The ontology includes the following object properties to define relationships between the classes:

  • assessesIndicator: Links a quality assessment process to the indicator it evaluates.
  • findsSource: Links a quality assessment process to the data source identified in the knowledge graph.
  • hasGranularity: Specifies the granularity level at which DQ is assessed.
  • hasLabel: Links a quality measurement to an assessment label.
  • producesResult: Associates a quality assessment process with its resulting evaluation.
  • usesMethod: Links a quality assessment process to the specific method used.
  • usesMetric: Defines the metric used in a formula-based method.

Data Properties

The ontology defines the following data properties:

  • labelThreshold: Specifies the numerical threshold for assigning a quality label (e.g., "High Quality" threshold = 80%).

Usage

Use Case

We consider a simple baseline example. The use case involves five devices installed in a classroom within a campus building. These devices include five sensors: two presence sensors and three integrated into three platforms—an air conditioner, a projector, and a ventilation system—all of which track their energy consumption (in watts) as observations. The use case is described using SOSA.

Use case Overview

Steps of DQA based approach and examples

Step 1: Enriching the Observation

The first step involves receiving an observation and enriching it using the SOSA ontology. This phase does not require describing the processing of the observation in terms of representational indicators, as these mainly concern the proper representation of data rather than its qualitative assessment.
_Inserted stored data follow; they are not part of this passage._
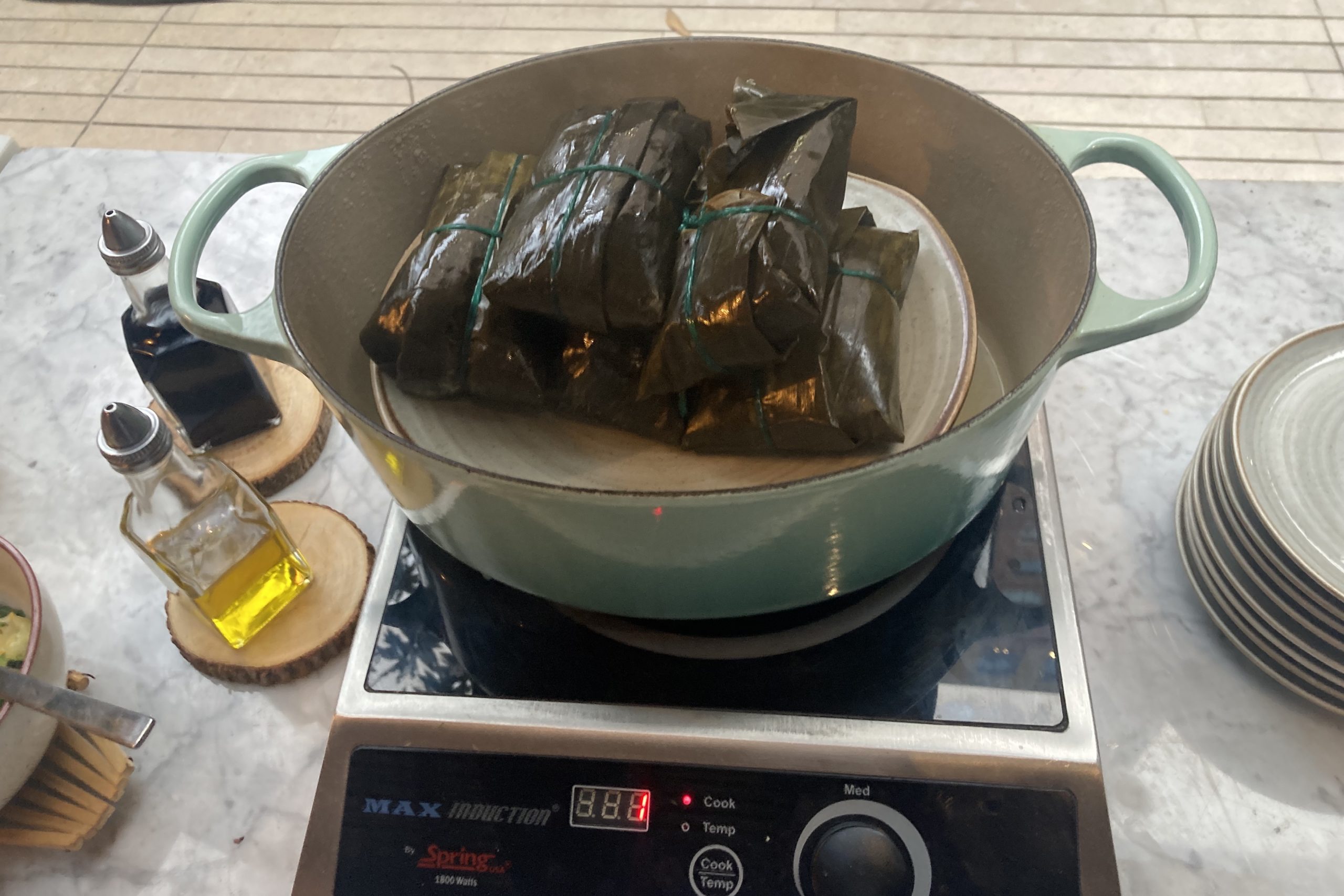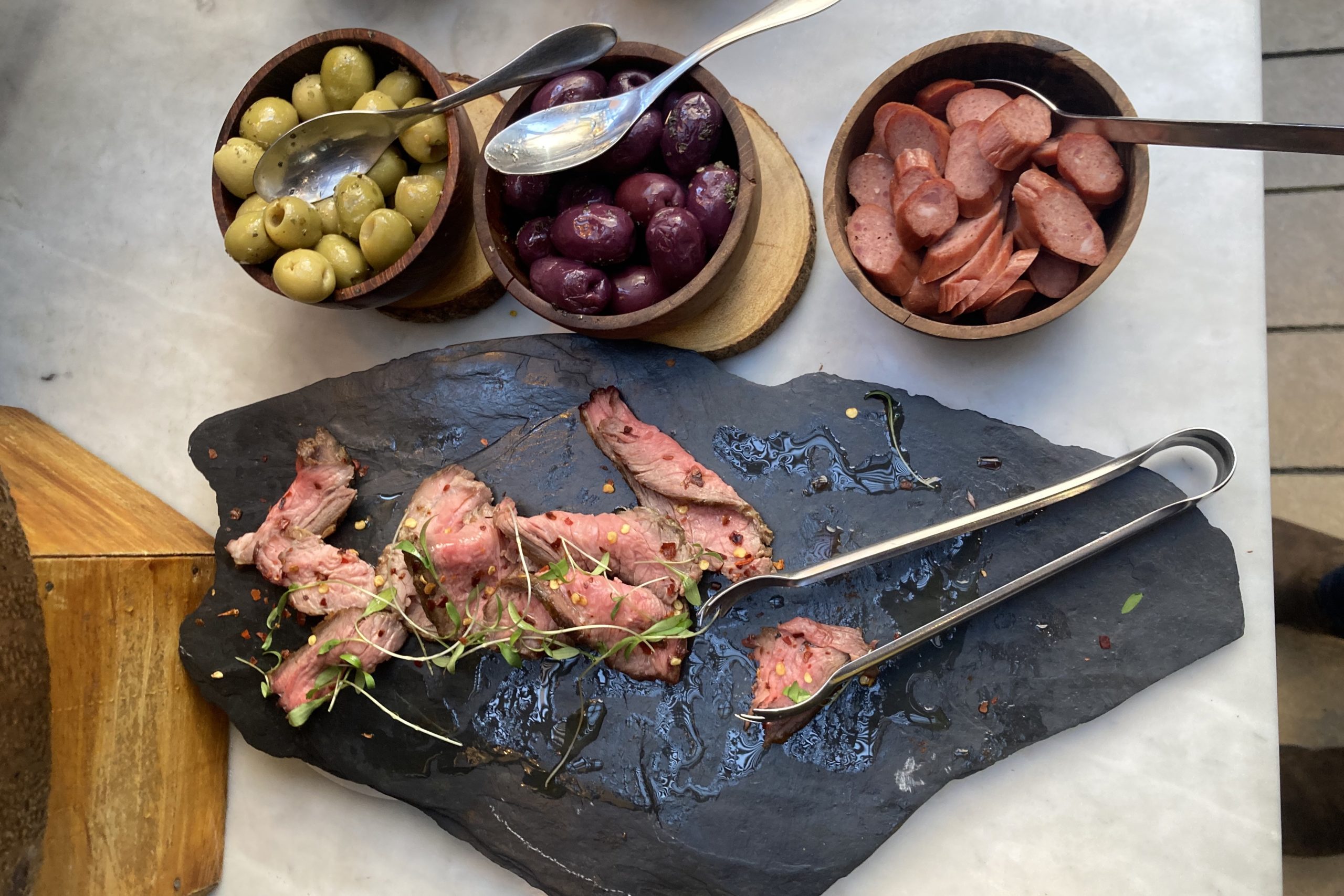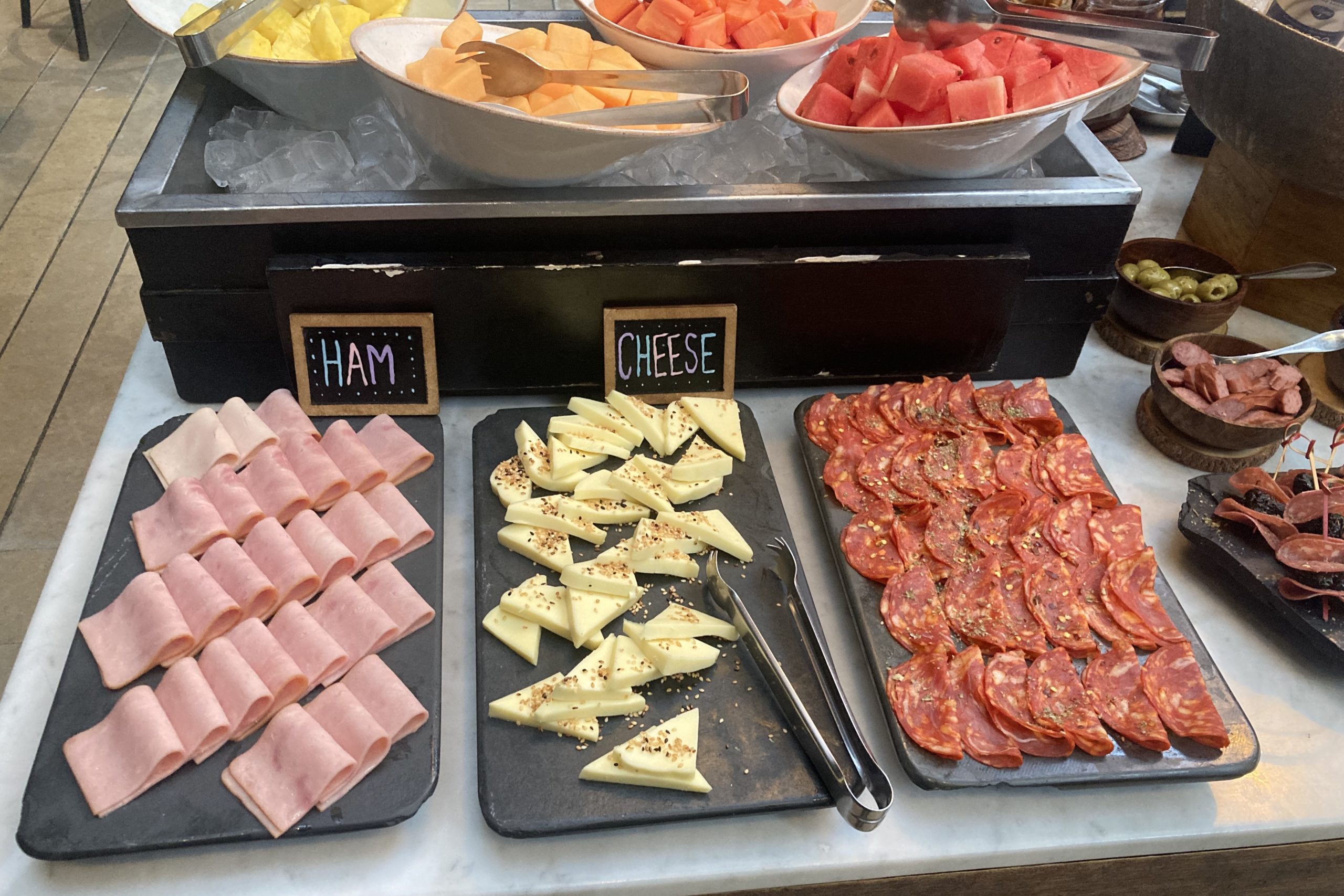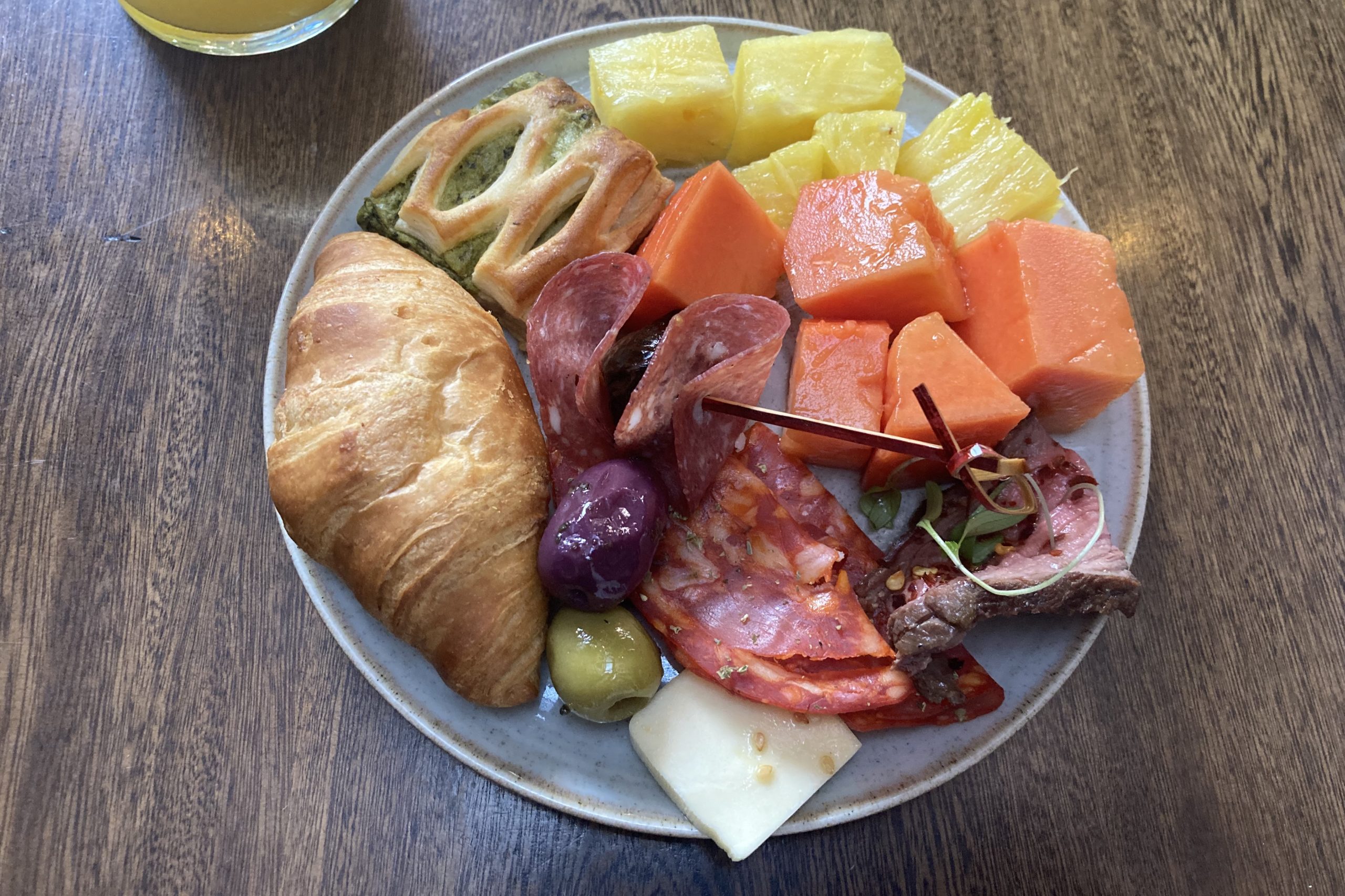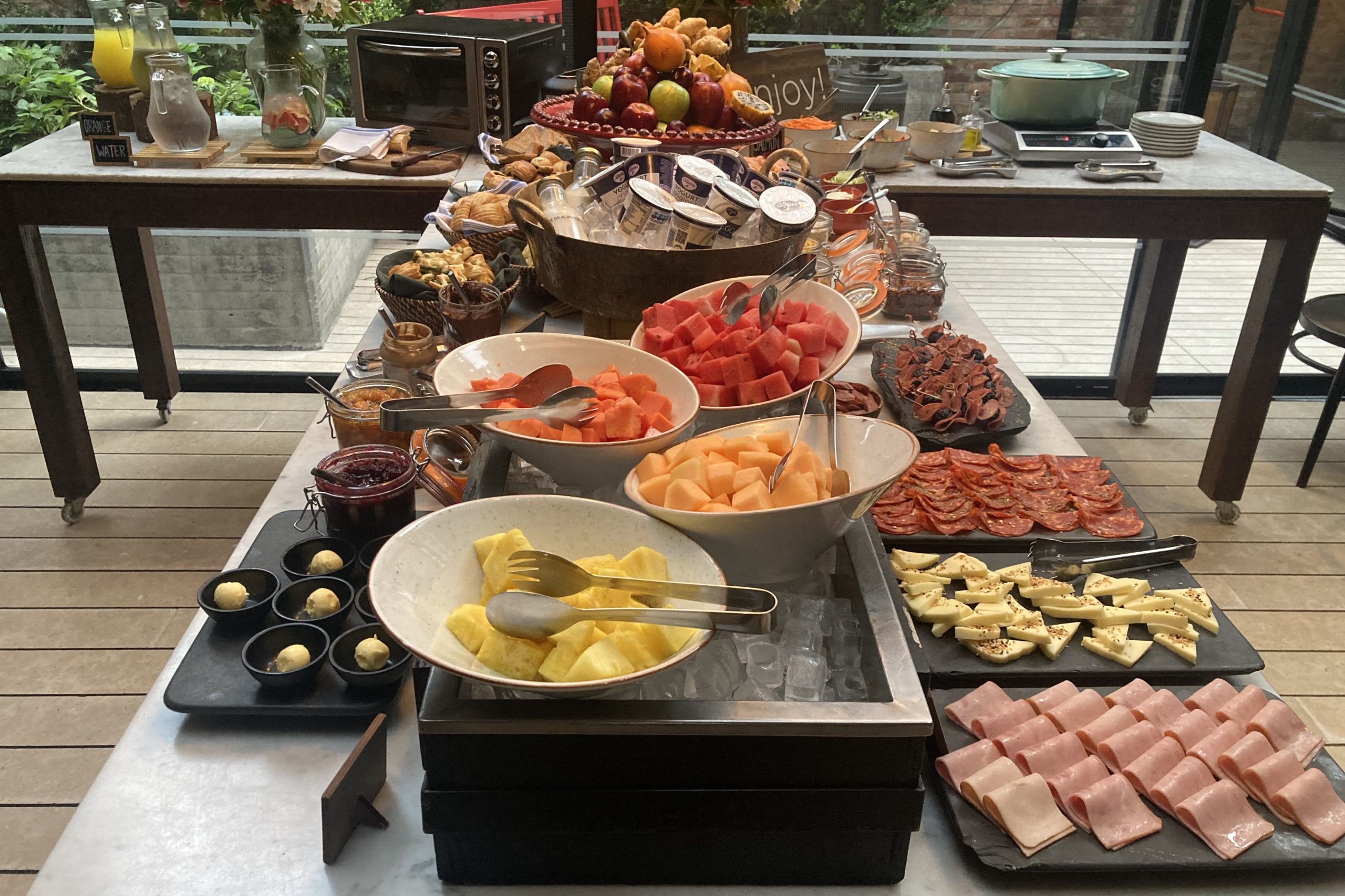 There’s a self-serve buffet available with a wide range of fresh fruit, breads, meats and cheeses, juices, and tamales.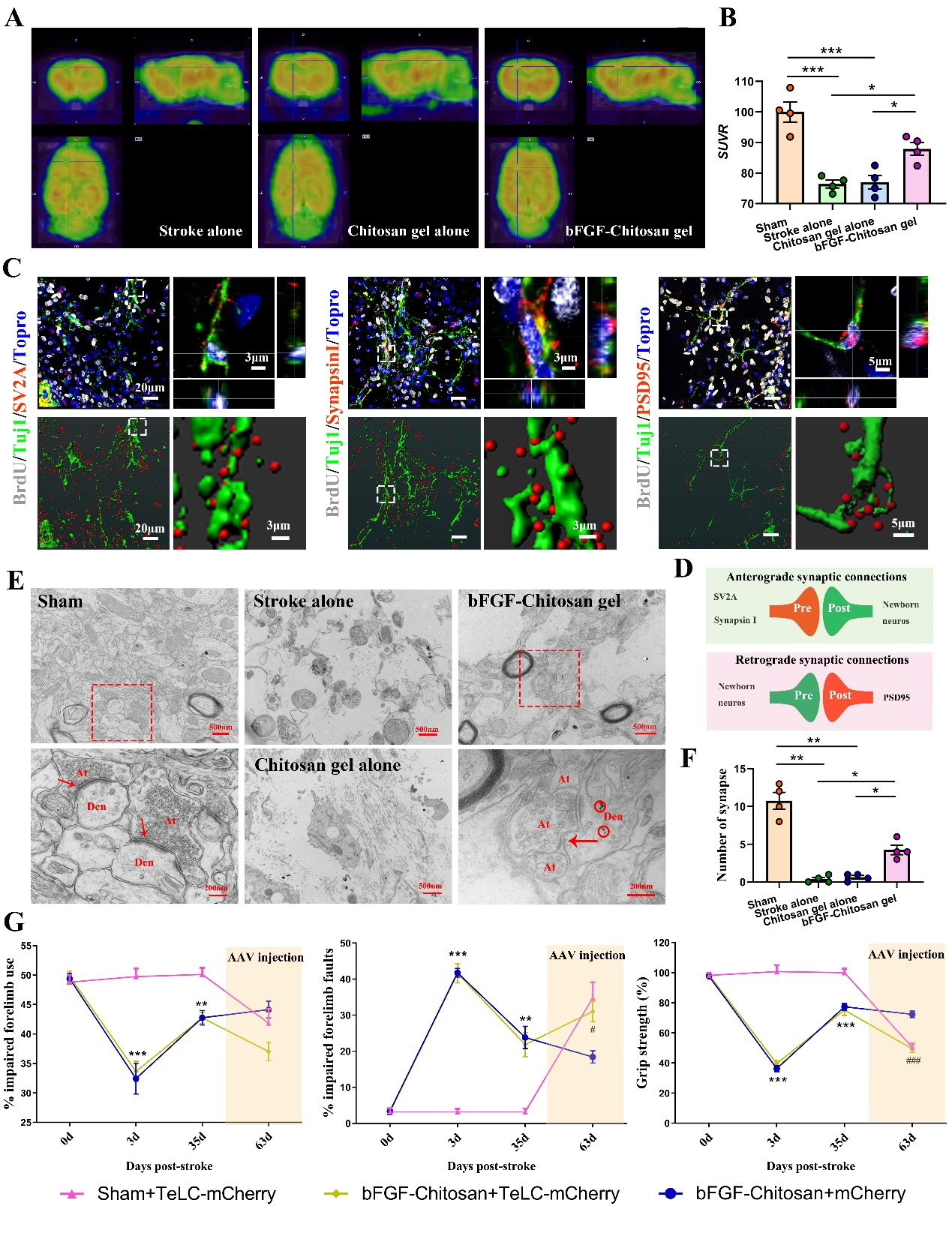 研究人员将bFGF-壳聚糖凝胶注射入卒中腔内,促进了卒中腔内血管内皮细胞增殖,新生血管形成功能性血管网络,最终导致卒中腔内脑血流的恢复。同时,该凝胶可促进SVZ区神经干/祖细胞的活化,募集其迁移至卒中腔,并分化为具有不同类型且具有脑皮层特异性的成熟神经元。这些新生神经元与宿主脑组织形成了功能性的神经环路。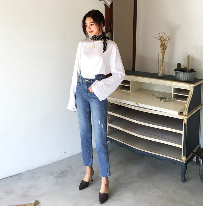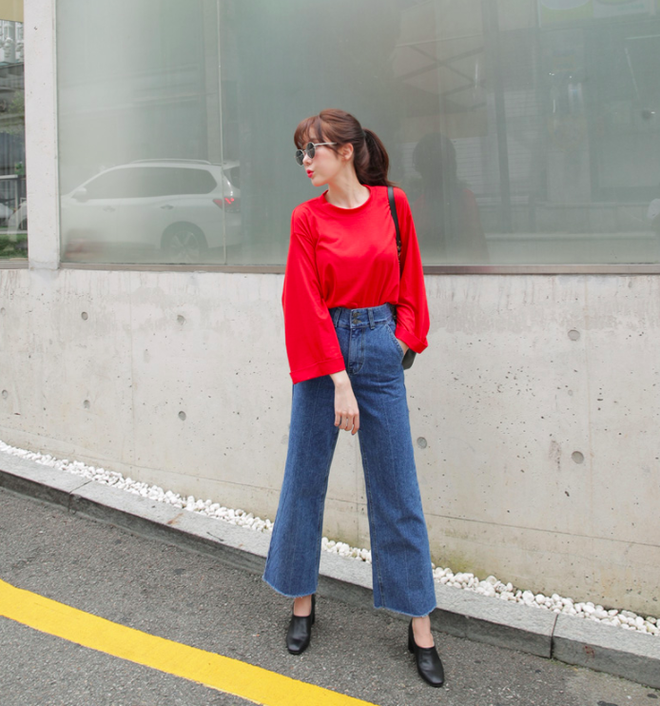 Một chiếc áo phông màu nổi sẽ là điểm nhấn sáng giá cho combo áo phông + quần jeans quen thuộc của các nàng. Bạn cũng đừng chỉ loanh quanh với những kiểu dáng quen thuộc của quần jeans, hãy phá cách một chút với những thiết kế jeans ống rộng, như vậy dù cho combo có đơn giản thế nào cũng trở nên khác biệt.
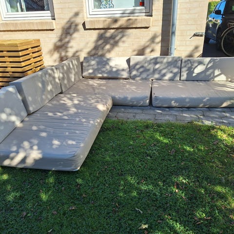 Rigtig fine og behagelige hynder fra Atleve til pallesofa. De kan tåle vand og er kun 1 år gamle.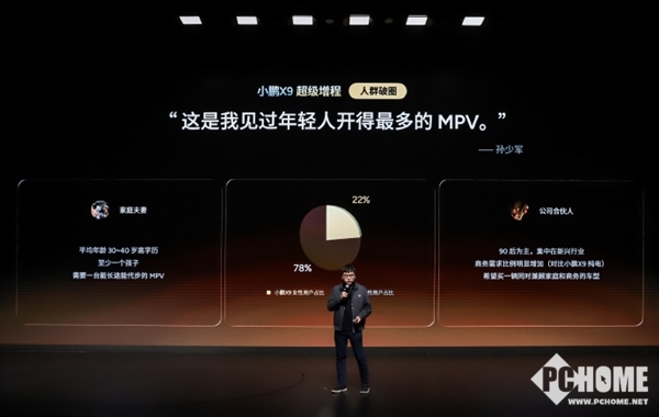 2026年1月19日,小鹏汽车正式发布小鹏X9超级增程版用户画像报告,数据显示该车女性用户占比高达22%,是传统MPV行业平均值(约5%)的5倍。同时,90后车主占比达57.2%、00后占比13.7%,远高于行业平均值。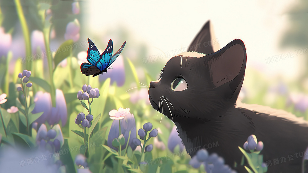 本作品内容为可爱的小猫在花丛中被蝴蝶吸引创意插画, 格式为 jpg, 大小5 MB, 图片尺寸为2912 x 1632, 源文件无水印, 欢迎使用熊猫办公。 如认为平台内容涉嫌侵权,可通过邮件:tousu@tukuppt.com提出书面通知,我们将及时处理。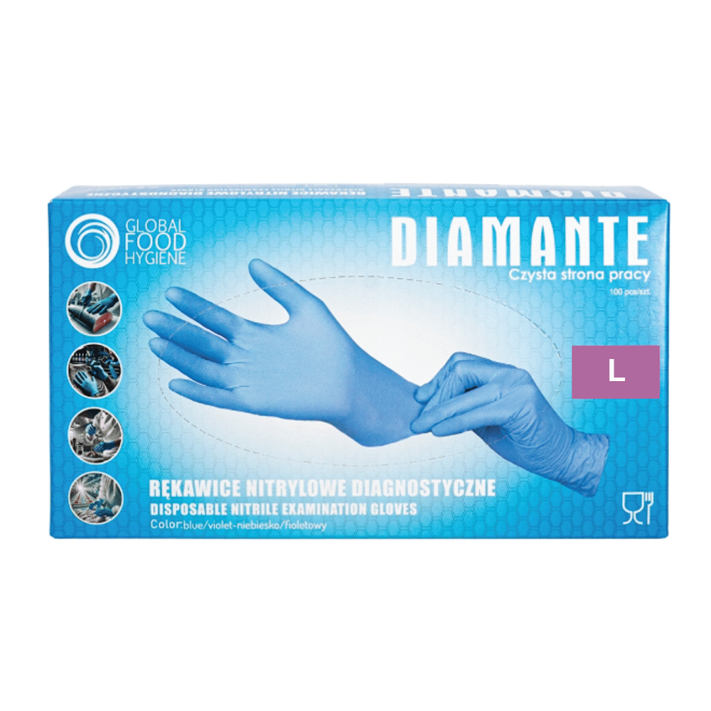 Diamante sinised nitriilkindad puudrita L(8-9) 100tk, kastis 10pk

Once enrichment is completed, the observation is stored in the GC repository to be used in the evaluation phases.

ex:obs_001 a sosa:Observation ;
    rdfs:comment "Observation of energy consumption from airconditioner#32" ;
    sosa:hasFeatureOfInterest ex:room016 ;
    sosa:hasSimpleResult "1900.0"^^xsd:float .
    sosa:madeBySensor <http://www.w3.org/ns/sosa/examples#PZEM-004T#53> ;
    sosa:observedProperty ex:energyConsumption ;
    sosa:resultTime "2025-01-31T08:00:00"^^xsd:dateTime ;
    sosa:usedProcedure ex:RoomPowerConsumption . 

ex:obs_018 a sosa:Observation ;
    rdfs:comment "Observation of energy consumption from videoprojector#12" ;
    sosa:hasFeatureOfInterest ex:room016 ;
    sosa:hasSimpleResult "510.0"^^xsd:float ;
    sosa:madeBySensor <http://www.w3.org/ns/sosa/examples#PZEM-004T#08> ;
    sosa:observedProperty ex:energyConsumption ;
    sosa:resultTime "2025-01-31T09:45:00"^^xsd:dateTime ;
    sosa:usedProcedure ex:RoomPowerConsumption . 

Step 2: Evaluating DQ Indicators at the UO Level

At this step, DQ indicators that can be assessed on a single observation (UO) are applied. These include accuracy, provenance, relevance, and timeliness. Each indicator is evaluated individually, and the resulting data is stored in the repository with a complete description of the evaluation process using the SOSA, DQV, and DQA ontologies. The DQV ontology is used to describe the evaluation of DQ dimensions (indicators), while DQA extends this descriptive model by integrating metadata associated with the evaluation process.

Formula-Based Method (Accuracy) :
ex:AccuracyAssessmentobs_018 a dqa:QualityAssessmentProcess ;
    dqa:assessesIndicator ex:Accuracy ;
    dqa:hasGranularity dqa:GranularityUniqueObservation ;
    dqa:producesResult ex:Accuracy_obs_018Result ;
    dqa:usesMethod ex:AccuracyMethod .

ex:AccuracyMethod a dqa:FormulaBasedMethod ;
    dqa:usesMetric ex:MetricAccuracyMethod .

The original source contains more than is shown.